La disciplina generale

L'apprendistato viene definito come quel contratto a tempo indeterminato finalizzato alla formazione e all'occupazione.

Esso si suddivide in tre tipologie, che escono più o meno fortemente modificate dalla riforma, sulle quali ci si soffermerà dettagliatamente nel prosieguo.

In via generale, il contratto deve avere forma scritta, solo ad probationem e non ad substantiam, ed indicare sinteticamente il piano formativo individuale.

La sua durata non può essere inferiore a sei mesi.

Durante lo svolgimento del rapporto trovano applicazione le sanzioni previste dalla normativa vigente per il licenziamento illegittimo.

Ad eccezione delle questioni inerenti il piano formativo, la durata minima, la normativa in caso di licenziamento illegittimo e il recesso del contratto, che spettano esclusivamente alla legge, la disciplina complessiva dell'istituto è rimessa alla contrattazione collettiva nazionale.

Gli standard formativi andranno invece fissati con un apposito decreto del Ministero del lavoro e delle politiche sociali di concerto con il Ministero dell'istruzione, dell'università e della ricerca e con il Ministero dell'economia e delle finanze, previa intesa con la Conferenza Stato-Regioni.

In ogni caso, la registrazione della formazione deve avvenire secondo le indicazioni del d.lgs. n. 13/2013 ed è di competenza dell'azienda per l'apprendistato del secondo livello, mentre per le altre tipologie spetta alle istituzioni formative e agli enti di ricerca.

Per le Regioni e le Province autonome ove la nuova disciplina non sia immediatamente operativa, trovano applicazione le regolazioni vigenti.

Si precisa che l'apprendistato di secondo e terzo livello potrà essere utilizzato anche nel pubblico impiego, previo apposito d.p.c.m..

Interessante è infine segnalare che è ora possibile assumere senza limiti di età sia i lavoratori beneficiari di mobilità che quelli beneficiari di indennità di disoccupazione.

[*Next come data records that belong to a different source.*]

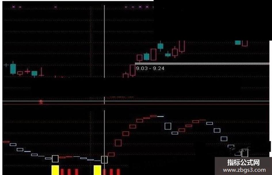 VAR1:=REF(CLOSE,1);VAR2:=SMA(MAX(CLOSE-VAR1,0),7,1)/SMA(ABS(CLOSE-VAR1),7,1)*100;DRAWTEXT(FILTER(REF(VAR2,1)<20 AND VAR2>REF(VAR2,1),5),L*0.99,'↖特准抄底'),COLORGREEN;BIAS1:=(C-MA(C,6))/MA(C,6)*100;BIAS2:=(C-MA(C,12))/MA(C,12)*100;BIAS3:=(C-MA(C,24))/MA(C,24)*100;BIAS:=(BIAS1+2*BIAS2+3*BIAS3)/6;乖离:=MA(BIAS,3);DRAWTEXT(CROSS(BIAS,乖离) AND 乖离<-9.5,L*0.96,'↖红柱抄底'),COLORRED;红柱:(CROSS(BIAS,乖离) AND 乖离<-9.5),COLORRED,NODRAW;特准抄底:(FILTER(REF(VAR2,1)<20 AND VAR2>REF(VAR2,1),5)),COLORGREEN,NODRAW;合成买进买:=IF("KDJ.J"<0,10,0);VAR1:=(2*CLOSE+HIGH+LOW)/4;VAR2:=LLV(LOW,5);VAR3:=HHV(HIGH,5);VAR4:=EMA((VAR1-VAR2)/(VAR3-VAR2)*100,5);MA1:=MA(VAR4,2);AA:STICKLINE(VAR4>MA1,VAR4,MA1,3,1),COLORRED;BBB:STICKLINE(VAR4>MA1 AND REF(VAR4,1)<30,VAR4,MA1,3,1),COLORRED;STICKLINE(VAR4<=MA1,VAR4,MA1,3,1),COLORFFCC66;XXX:=STICKLINE(BBB,VAR4+5,MA1-4,3,1),COLORYELLOW;STICKLINE(FILTER(XXX ,5) ,VAR4+5,MA1-4,3,1),COLORYELLOW;Y1:=LLV(L,17);Y2:=SMA(ABS(L-REF(L,1)),17,1);Y3:=SMA(MAX(L-REF(L,1),0),17,2);Q:=-(EMA(IF(L<=Y1,Y2/Y3,-3),1));STICKLINE(CROSS(Q,0),15,0,4,0), , COLORYELLOW;强拉升: IF(CROSS(Q,0),1,0),COLORYELLOW; Q1:= (CLOSE-MA(CLOSE,40))/MA(CLOSE,40)*100, , COLOR00FF00,LINETHICK2;STICKLINE(CROSS(Q1,-24),20,0,4,0), , COLORMAGENTA;加强拉升: IF(CROSS(Q1,-24),1,0),COLORMAGENTA;VAR5:=EXPMA(EXPMA(EXPMA((2*CLOSE+HIGH+LOW)/4,4),4),4);天:=( MA((VAR5-REF(VAR5,1))/REF(VAR5,1)*100,2));地:=( MA((VAR5-REF(VAR5,1))/REF(VAR5,1)*100,1));STICKLINE(地>天 AND 地<0,10,0,1,0),COLORRED;开始拉升:STICKLINE(地>天 AND 地<0,10,0,1,0)=1,COLORRED;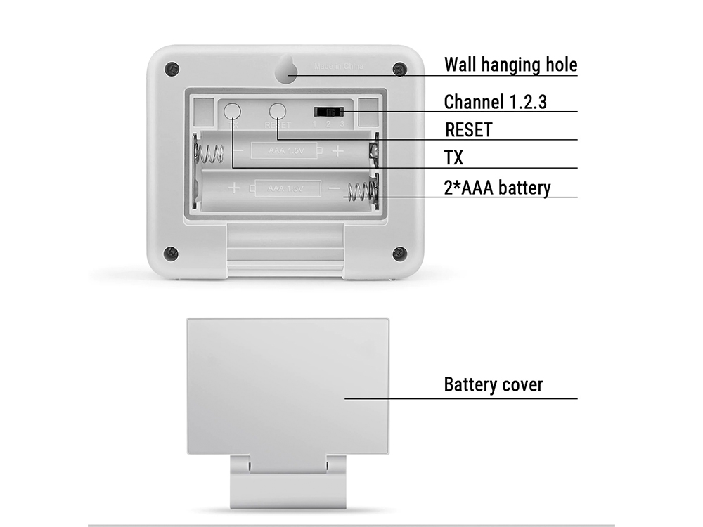 Живлення приладу від 2 батарейок типу ААА, харчування датчика від 2 батарейок типу ААА (не входять в комплект).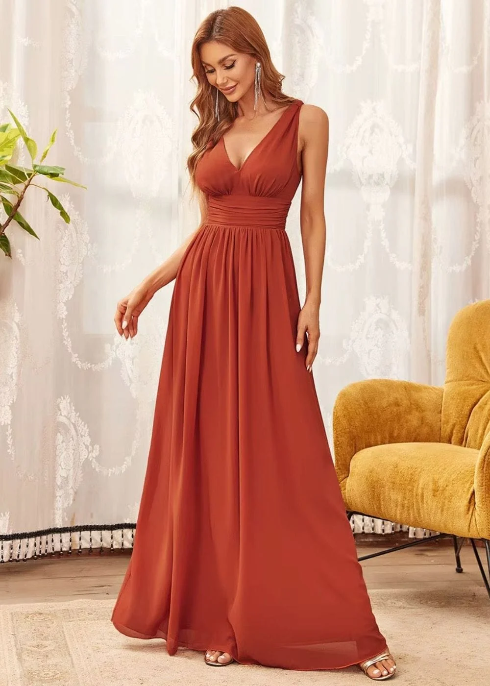 Laisse-toi séduire par cette magnifique robe longue couleur terracotta, idéale pour un mariage en extérieur ou une soirée estivale. Sa coupe fluide et évasée épouse tes mouvements avec légèreté, te procurant une aisance incomparable. Le décolleté en V met subtilement en valeur ta silhouette, tandis que la taille est parfaitement marquée par une ceinture drapée qui souligne tes courbes. La couleur terracotta apporte une touche chaleureuse et naturelle, parfaite pour les journées ensoleillées ou les soirées sous le ciel étoilé.

Apprendistato per la qualifica e il diploma professionale, il diploma di istruzione secondaria superiore e il certificato di specializzazione tecnica superiore

La prima tipologia di apprendistato, in precedenza definita "Apprendistato per la qualifica e il diploma professionale", si tramuta, nella denominazione, in "Apprendistato per la qualifica e il diploma professionale, il diploma di istruzione secondaria superiore e il certificato di specializzazione tecnica superiore".

Le novità riguardano il fatto che tale tipologia contrattuale può essere ora stipulata non solo nel contesto di percorsi di istruzione e formazione professionale regionali, ma anche con studenti di scuola secondaria superiore, a partire dal secondo anno, con il chiaro intento di favorire il conseguimento del diploma e l'acquisizione di competenze professionali ulteriori rispetto a quelle previste dal piano formativo scolastico.

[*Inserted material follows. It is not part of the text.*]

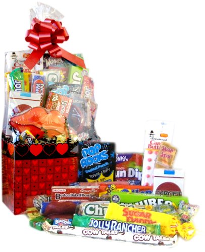 Contains Bit O Honey, Boston Baked Beans, Candy Buttons, Candy Cigarettes, Coconut Bar, Cow Tales, Fun Dip, Jolly Rancher Sticks, Jujubes, Necco Assorted Roll, Pop Rocks, Slap Sticks Caramel Pop, Sugar Daddy, Wax Lips, Chuckles, Bazooka, Chick O Stick Nuggets, Giant Now and Later, Jawbreakers, Lemonheads, Mary Janes, Walnettos and a Hand Decorated Lip Shaped Sugar Cookie.B0007OVVWKASIN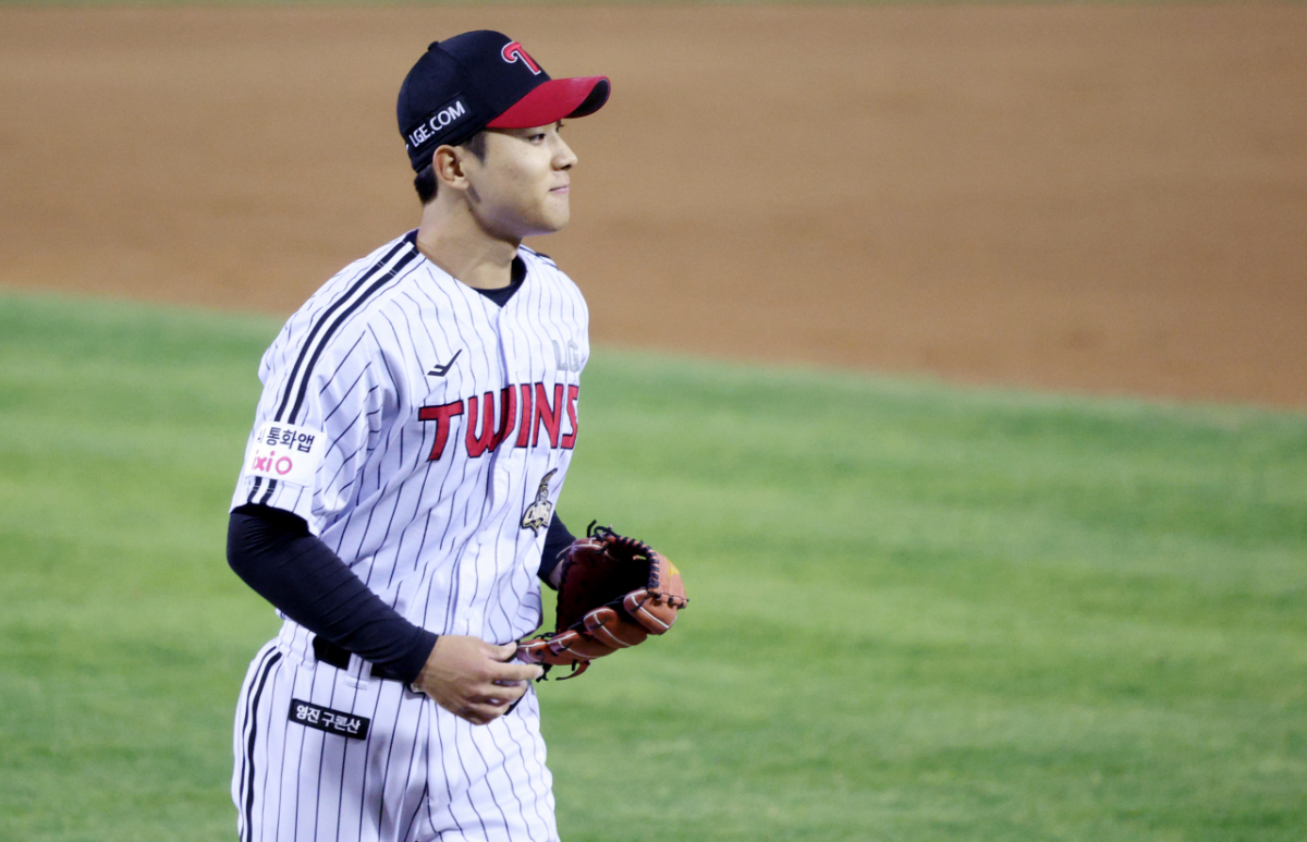 LG 우강훈이 7회 투구를 마친 후 더그아웃으로 향하고 있다.

Il contratto di apprendistato di primo livello può poi essere stipulato, per una durata massima di due anni, anche con i giovani delle Province autonome di Trento e Bolzano che frequentano l'anno integrativo finalizzato all'esame di Stato di cui all'articolo 6, comma 5 del decreto del Presidente della Repubblica n. 87/2010.

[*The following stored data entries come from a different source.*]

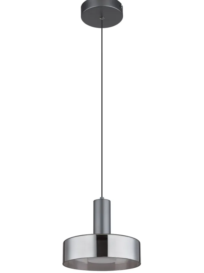 Hängeleuchte Aluminium Gebürstet grau matt, Metall grau gebürstet, Glas rauchfarben, Acryl satiniert, Kabel PVC Schwarz, Höhe kürzbar, ø: 220mm, H: 1500mm, inkl. LED 8W 230V, 950lm Source, 320lm Output, 3000K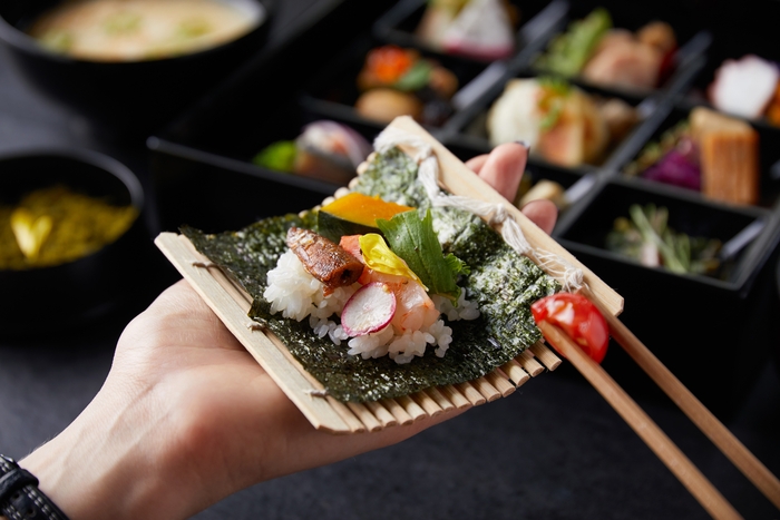 「手織り寿し」をお手軽にお楽しみいただける折詰め弁当です 。十五穀米と京都千鳥酢で仕立てたシャリや約40種類の食材、付属の焼き海苔 、特製調味料を織りまぜ ながら 、ご自身だけの味の組み合わせをぜひご賞味ください。
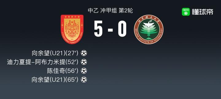 重庆铜梁龙5-0大胜北京理工,向余望梅开二度,陈佳奇建功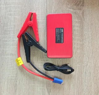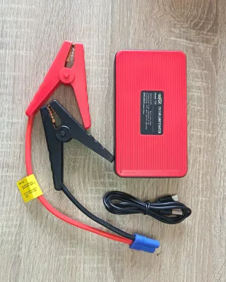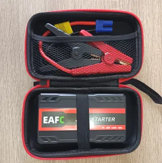 Arrancador portátil EAFC para coche, ideal para emergencias. 600A pico para coche de 3litros coche moto y POWER bank linterna - Incluye pinzas de arranque rojas y negras. - Cable con conector azul. - Viene en un estuche de transporte con cremallera.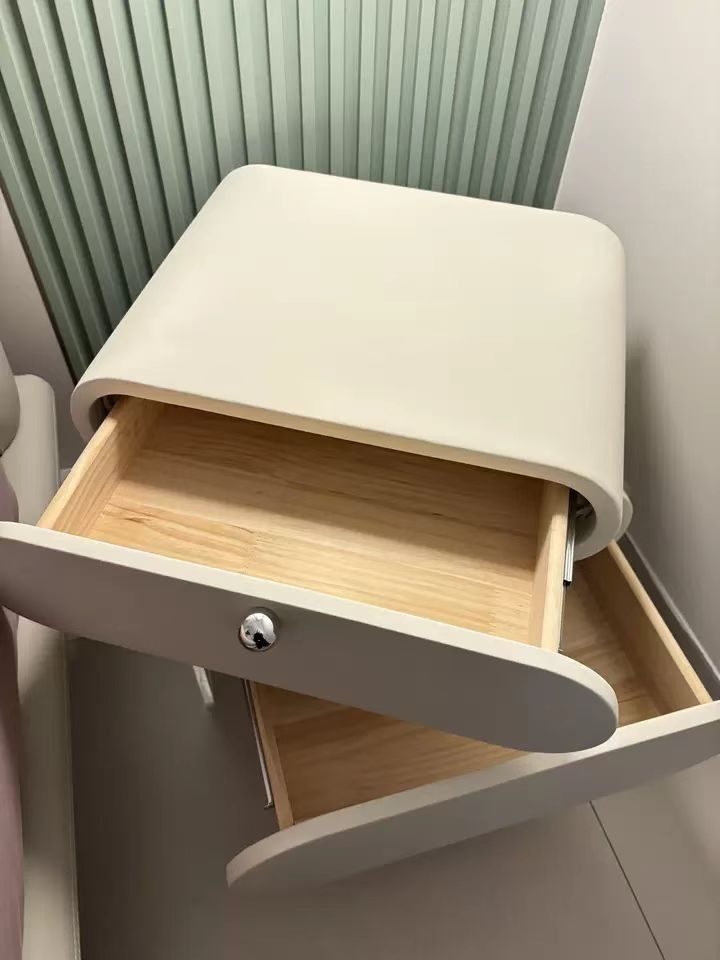 千匠一品 意式风格 E1级环保板+哑光烤漆+实木抽屉+缓冲导轨+不锈钢底座 时尚极简床头柜ST172-J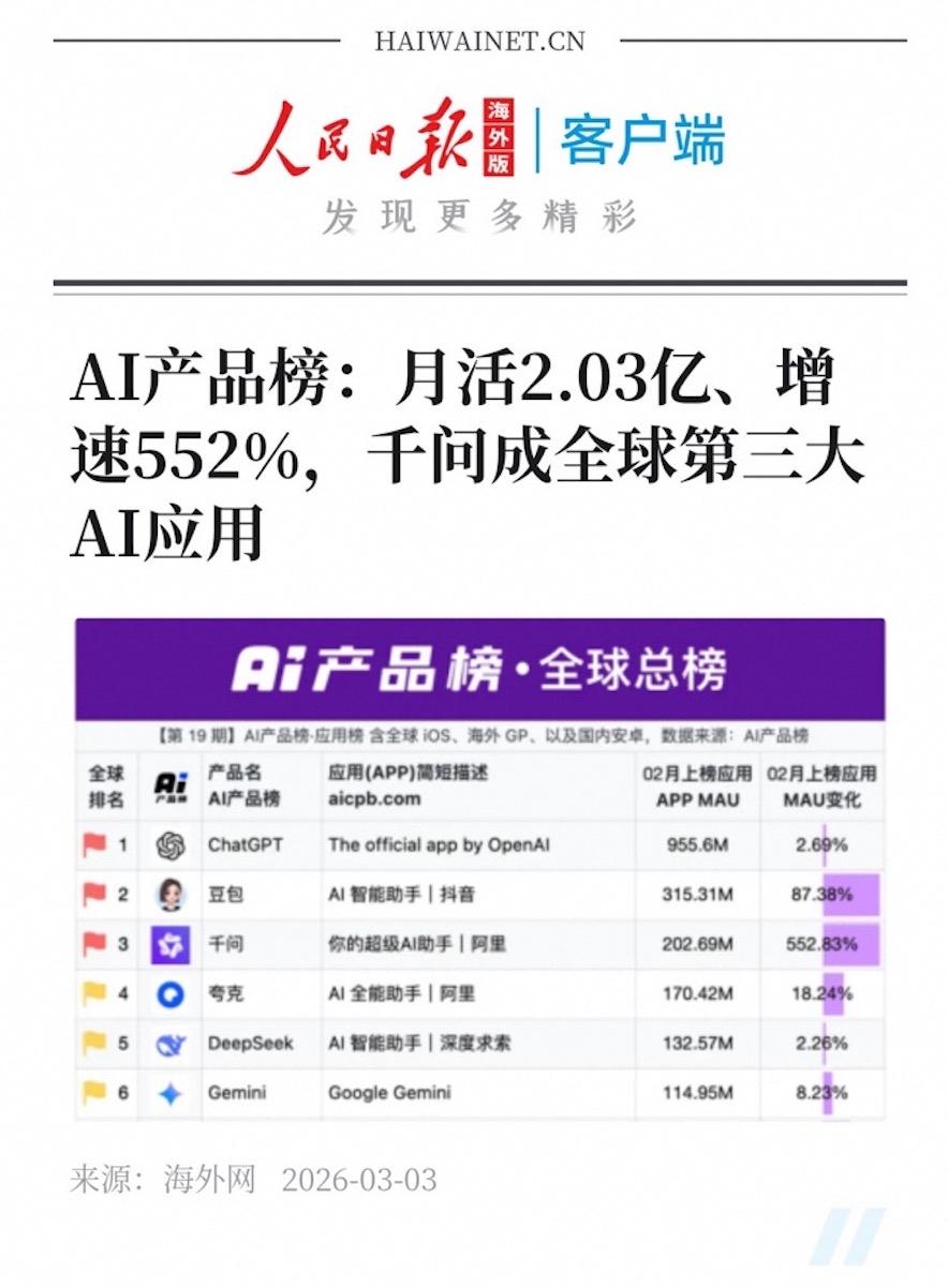 全球AI的竞争格局,正在因为中国应用的崛起而发生剧变。 3月3日的最新数据显示,全球MAU排名前三的AI应用,中国已占两席。其中,千问以2.03亿MAU和552%的全球第一增速,超越Gemini,更是直接威胁到了ChatGPT的统治地位。 很多人问,为什么是千问?为什么它能跑赢全球那么多竞争对手?答案就在“生态位”这三个字里。千问通过春节期间的“一句话下单”,成功切入了生活服务的核心地带。 从QuestMobile的数据看,千问在春节期间的表现堪称惊艳:DAU从707万暴涨至7352万,增幅940%。这不仅是简单的用户获取,这是一次大规模的用户心智教育。1.3亿用户在千问上订票、买奶茶、点外卖,意味着他们已经认可了“AI办事”这种全新的交互逻辑。 这种逻辑是Gemini等海外模型短期内无法复制的。Gemini虽然技术强劲,但在中国这样极其碎片化、高并发的服务场景中,千问积累的实战经验具有不可替代性。2亿次的累计下单,是数亿次真实指令的磨练,这让千问在语义理解和意图识别上,更贴合中国人的习惯。 目前的中国AI市场,千问和豆包的日活已稳定在4000万量级。这种“双雄并立”的局面,预示着中国AI已经从技术追随者变成了应用引领者。 当千问以全球增速第一的姿态向ChatGPT发起冲击时,它背后站着的是1.3亿真实办事的活跃用户。这种由庞大真实需求喂养出来的AI应用,才是全球竞争中最具生命力的存在。

Possono essere assunti quali apprendisti di primo livello, in sostanza, i giovani di età compresa tra i 15 e i 25 anni di età e la durata del contratto varia a seconda che esso sia teso all'ottenimento della qualifica (tre anni) o del diploma professionale (4 anni).

È possibile poi prorogare il contratto di apprendistato, per massimo 12 mesi, per il consolidamento e l'acquisizione di ulteriori competenze tecnico-professionali e specialistiche, utili anche ai fini dell'acquisizione del certificato di specializzazione superiore o del diploma professionale all'esito del corso annuale integrativo o nel caso in cui l'apprendista non abbia conseguito alcun titolo triennale, quadriennale, IFTS o il diploma professionale statale.

Per poter stipulare un contratto di apprendistato di tale tipo, il datore di lavoro è tenuto a sottoscrivere un protocollo, formato secondo uno schema da definire con decreto ministeriale, con l'istituzione formativa di appartenenza del giovane. È proprio presso di essa, del resto, che si svolge la formazione esterna all'azienda per un orario non superiore al 60% di quello ordinamentale per il secondo anno di studi o al 50% per gli anni successivi. Con il decreto ministeriale dovranno anche essere indicati i criteri generali per la realizzazione dei percorsi di apprendistato, i requisiti che debbono possedere le imprese per poter ricorrere a tale strumento, il monte orario di formazione aziendale e scolastica.

Con riferimento agli aspetti retributivi, l'articolo 43 prevede che il monte ore formativo esterno all'azienda non è retribuito, mentre quello interno all'impresa viene retribuito con un importo pari al 10% della retribuzione, salvo diversa previsione della contrattazione collettiva di riferimento.

In ogni caso, la regolamentazione concreta e dettagliata dell'istituto è rimessa in concreto alle Regioni e alle Province autonome, con intervento suppletivo del Ministero del lavoro in caso di inadempienza.

Il mancato raggiungimento degli obiettivi formativi da parte degli apprendisti costituisce giustificato motivo di licenziamento.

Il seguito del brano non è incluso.